## What the task asks
Exclude pictures and give again exactly the lines of the listing, beginning with its first line and ending with the one that contains "五、張拉斜索3,這是最重要一".

─── Supplied records ───

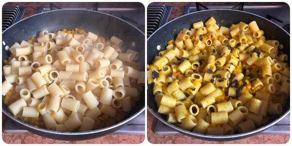 • Kook de mezze maniche in ruim gezouten kokend water, giet ze af al dente en bewaar wat van hun kookwater, en voeg ze toe aan de saus in de braadpan, meng goed om ze met de saus te vermengen.
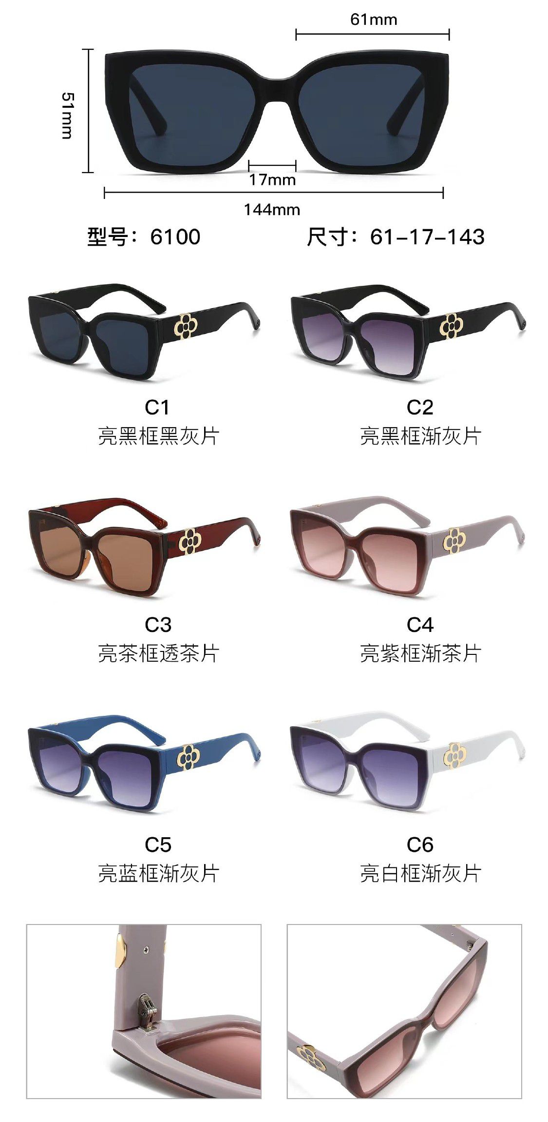 Солнцезащитные пластиковые очки из поликарбоната с металлическим шарниром 6100W
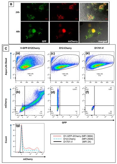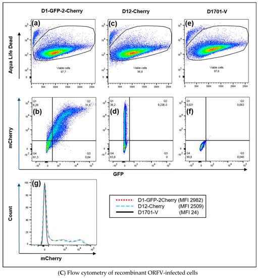 Twenty-four hours after infection with approximately moi 2.0 of the recombinant D1-GFP-2-Cherry, 31.5% of almost 98% viable cells were found double positive for AcGFP and mCherry expression (Figure 5Ca,b-Q2). D12-Cherry infection resulted in only mCherry single positive cells (36.2%) and were negative for GFP (Figure 5Cc,d). As expected neither GFP- nor mCherry-positive cells were detectable after infection with ORFV D1701-V (Figure 5Ce,f). In all cases approximately 96% viable cells were obtained (Figure 5Ca,c,e). The histogram illustrates that almost identical numbers of mCherry-positive cells could be detected in both D1-GFP-2-Cherry- and D12-Cherry-infected cells (Figure 5Cg). Two mCherry-positive cell populations appeared after infection with both mCherry containing recombinants differing in the amount of expressed mCherry (Figure 5Cg). This can be explained by the presence of cells containing differing amounts of mCherry produced, since the infectious cycle was not synchronized.
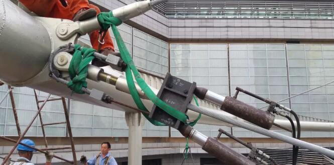 五、張拉斜索3,這是最重要一步。當然,如果12根斜索3同時張拉是最理想的,但由于設備限制,采用分組分批張拉的辦法,即對稱的4根斜索同時張拉,達到設計預定值的70%;然后進行下一組的4根斜索的張拉,至設計預定值的80%;接著進行最后一組4根斜索的張拉至預定值的90%。然后進行第二次循環(huán),直至100%達到每根斜索3的設計預拉力值。
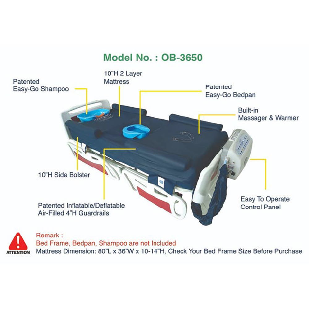 The Ultra Air Mattress is a premium therapeutic system engineered for advanced patient care and maximum comfort. Featuring patented "Easy Go" bedpan and shampoo functions, it enables hygienic in-bed toileting and hair washing with a single touch. Its inflatable air-filled guardrails, self-lateral rotation, and sinking centralization design enhance safety, circulation, and posture alignment for bedridden patients.

───

## Written solution
 • Kook de mezze maniche in ruim gezouten kokend water, giet ze af al dente en bewaar wat van hun kookwater, en voeg ze toe aan de saus in de braadpan, meng goed om ze met de saus te vermengen.
 Солнцезащитные пластиковые очки из поликарбоната с металлическим шарниром 6100W
 Twenty-four hours after infection with approximately moi 2.0 of the recombinant D1-GFP-2-Cherry, 31.5% of almost 98% viable cells were found double positive for AcGFP and mCherry expression (Figure 5Ca,b-Q2). D12-Cherry infection resulted in only mCherry single positive cells (36.2%) and were negative for GFP (Figure 5Cc,d). As expected neither GFP- nor mCherry-positive cells were detectable after infection with ORFV D1701-V (Figure 5Ce,f). In all cases approximately 96% viable cells were obtained (Figure 5Ca,c,e). The histogram illustrates that almost identical numbers of mCherry-positive cells could be detected in both D1-GFP-2-Cherry- and D12-Cherry-infected cells (Figure 5Cg). Two mCherry-positive cell populations appeared after infection with both mCherry containing recombinants differing in the amount of expressed mCherry (Figure 5Cg). This can be explained by the presence of cells containing differing amounts of mCherry produced, since the infectious cycle was not synchronized.
 五、張拉斜索3,這是最重要一步。當然,如果12根斜索3同時張拉是最理想的,但由于設備限制,采用分組分批張拉的辦法,即對稱的4根斜索同時張拉,達到設計預定值的70%;然后進行下一組的4根斜索的張拉,至設計預定值的80%;接著進行最后一組4根斜索的張拉至預定值的90%。然后進行第二次循環(huán),直至100%達到每根斜索3的設計預拉力值。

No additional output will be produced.